Return nothing but the lines from the line with "(A) Example of" through the last line of the entries that follow, copied exactly and free of pictures.

[Data records]
- Opening Delimiter -
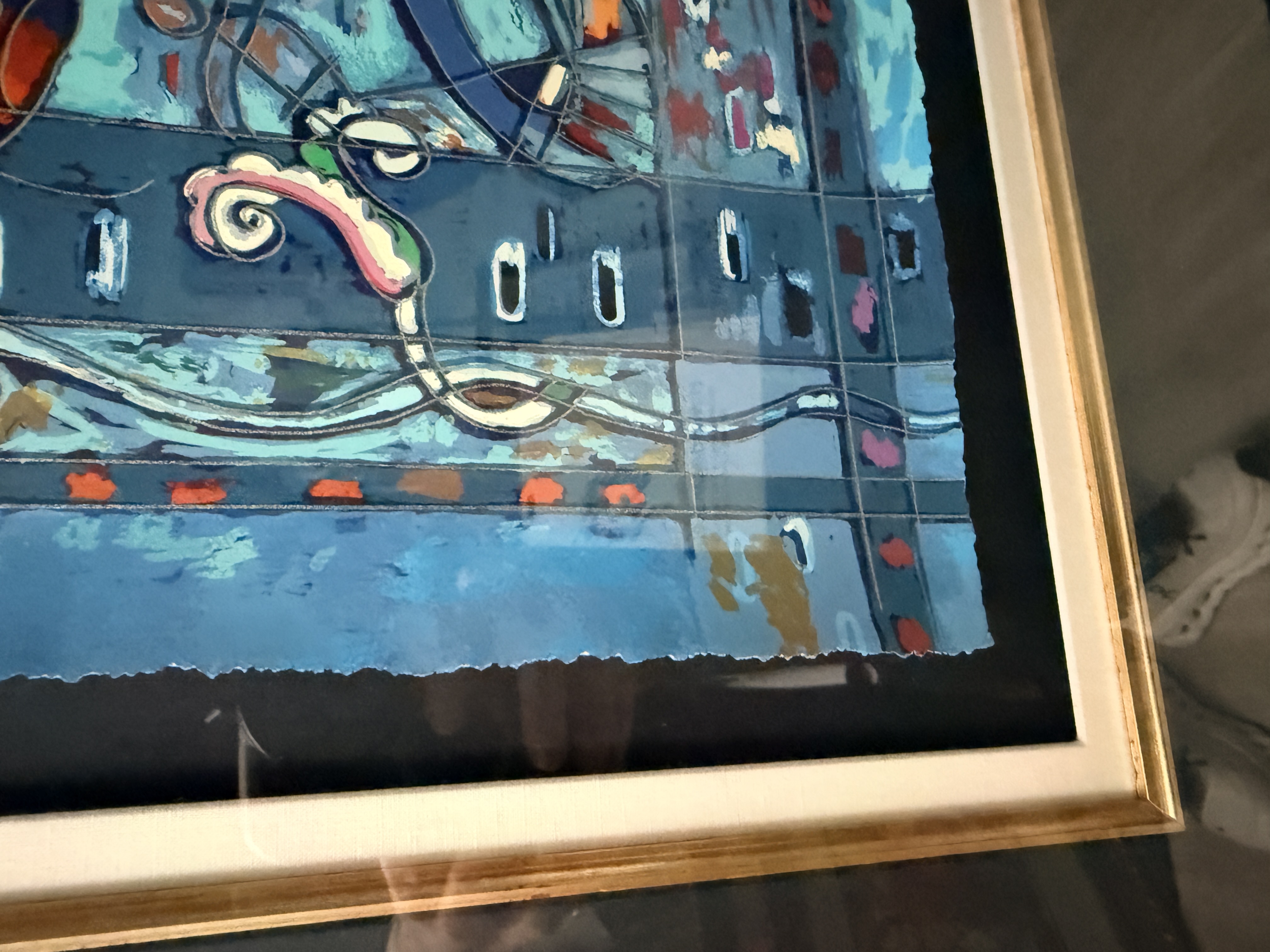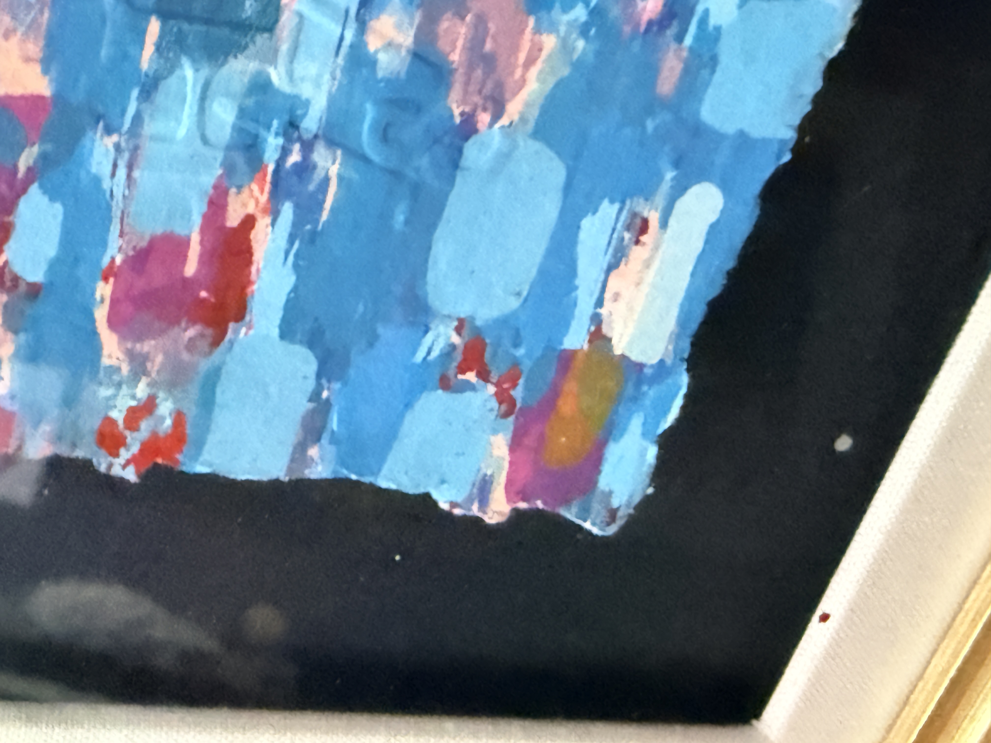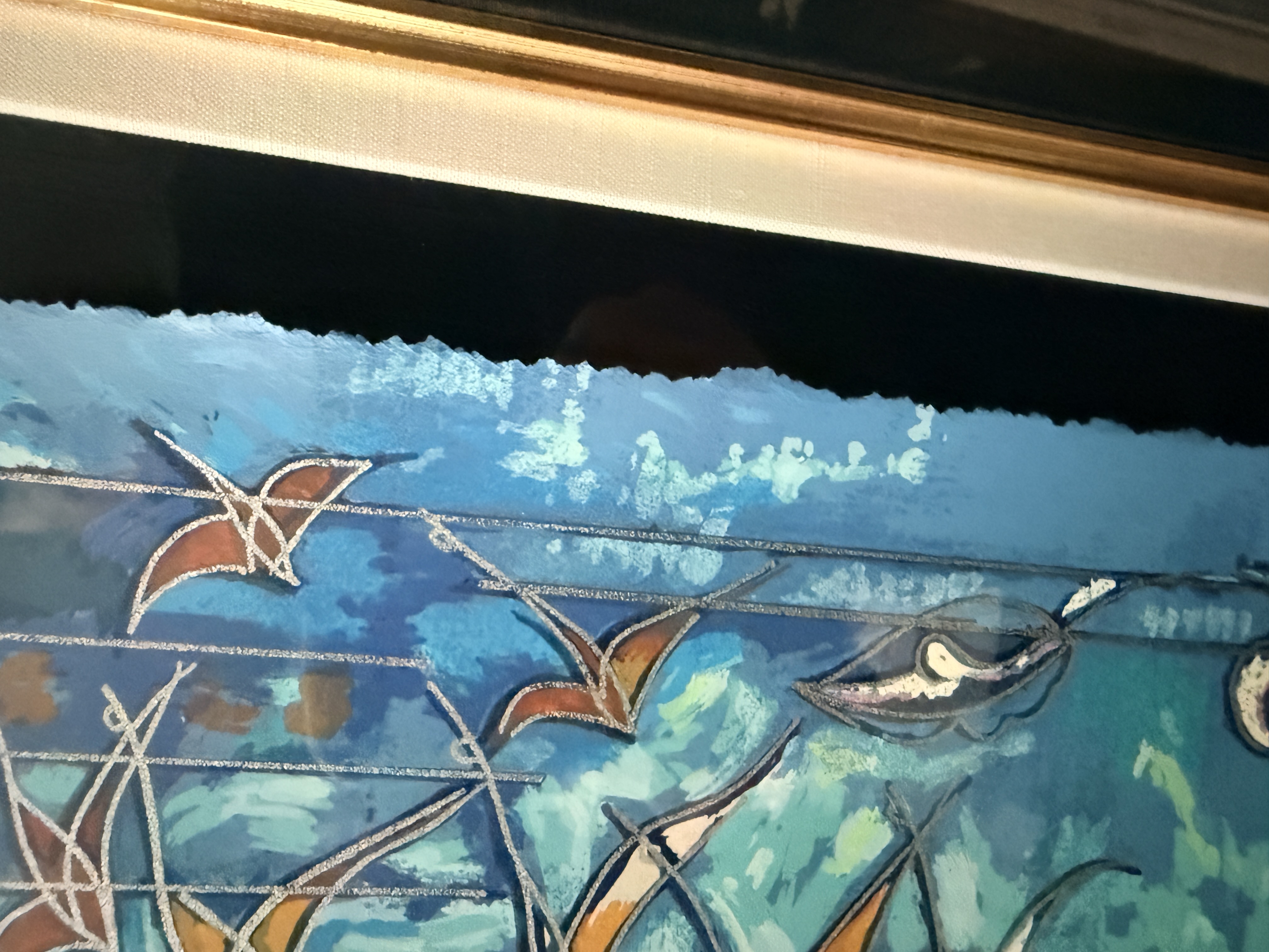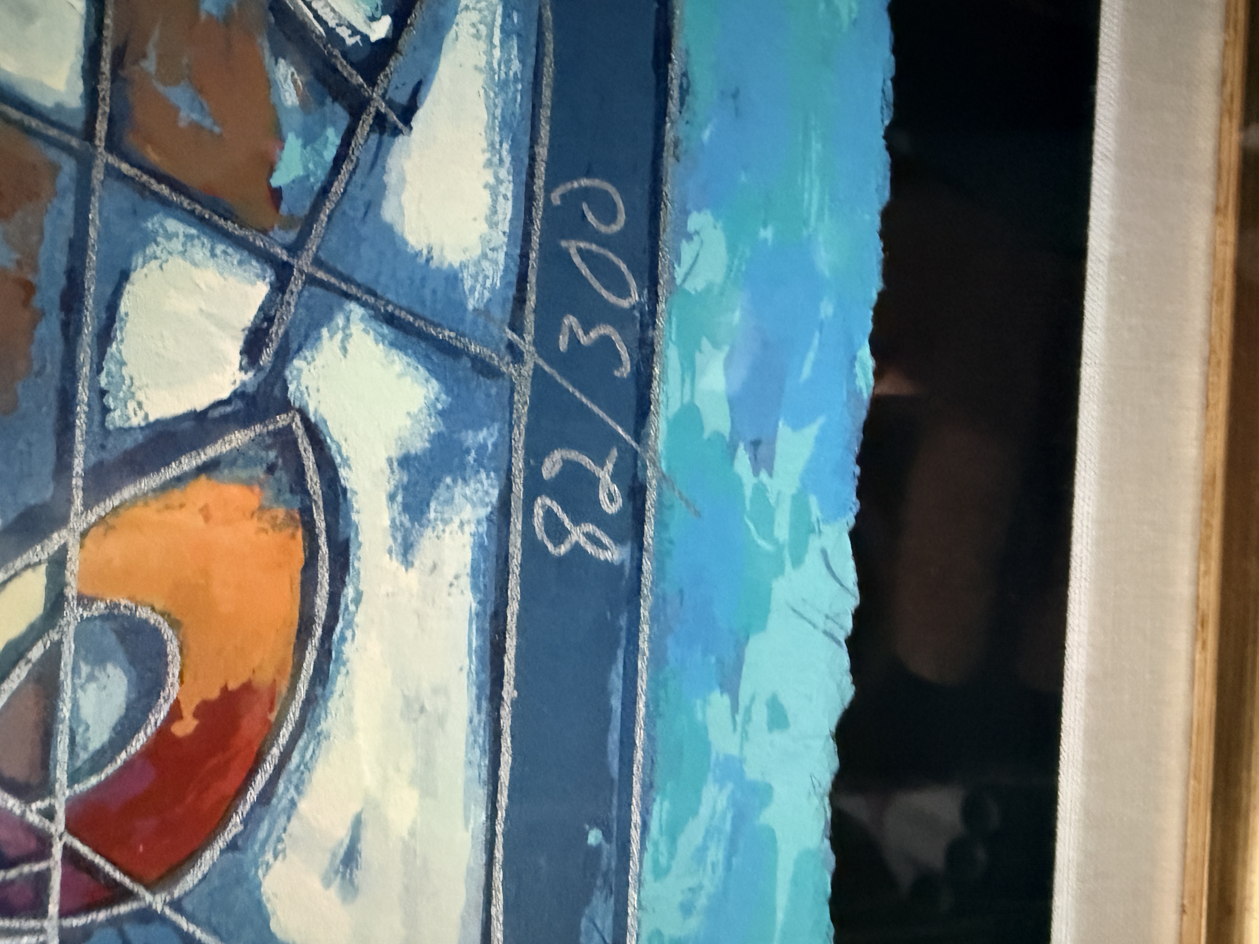 Both items are in good overall condition. Minor surface wear is visible on the frames. A small blemish is present on the frame of the piece signed Jiang. Art is from a clean smoke free home. Very heavy pieces!
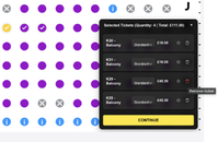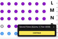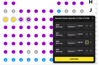 A: Locate the ‘Selected Tickets’ box on the bottom right of the seatmap (you may have to scroll down your page to find it). Click the circle to navigate to your current seats and add more seats next to yours. If you want to remove seats, click the rubbish bin.
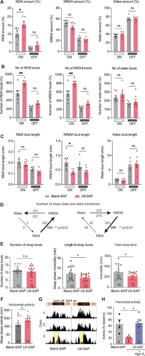 H實(shí)驗(yàn)第3天12 h光期3h弱光期的活動(dòng)時(shí)間。在注射UII-SAP(紫色)后2周開始的睡眠期2周內(nèi),小鼠每天放置40%含氧(高氧o2)8小時(shí),與注射UTII-SAP的小鼠相比,沒有睡眠不足。
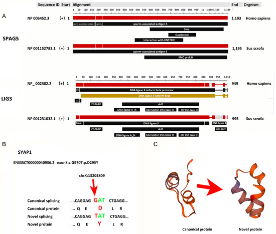 (A) Example of a homologous protein related to an AS gene between human and pig (downloaded from NCBI Multiple Sequence Alignment Viewer, Version 1.15.0). (B) Effect of single nucleotide polymorphism (SNP) mutation of synapse-associated protein 1 (SYAP1) on alternative splicing. (C) Protein conformation of canonical and novel isoforms as predicted by the Swiss model.
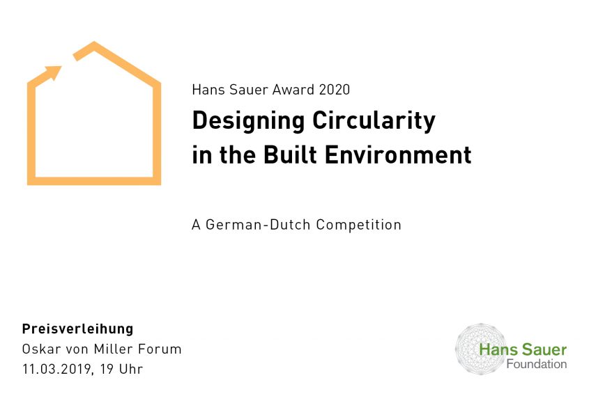 Die diesjährige Vergabe des Hans Sauer Awards findet am 11. März 2020 im Oskar von Miller Forum statt. Der Preis kürt innovative Ideen, die Zirkularität in der Baubranche stärken.
- Closing Delimiter -
Answer box
 (A) Example of a homologous protein related to an AS gene between human and pig (downloaded from NCBI Multiple Sequence Alignment Viewer, Version 1.15.0). (B) Effect of single nucleotide polymorphism (SNP) mutation of synapse-associated protein 1 (SYAP1) on alternative splicing. (C) Protein conformation of canonical and novel isoforms as predicted by the Swiss model.
 Die diesjährige Vergabe des Hans Sauer Awards findet am 11. März 2020 im Oskar von Miller Forum statt. Der Preis kürt innovative Ideen, die Zirkularität in der Baubranche stärken.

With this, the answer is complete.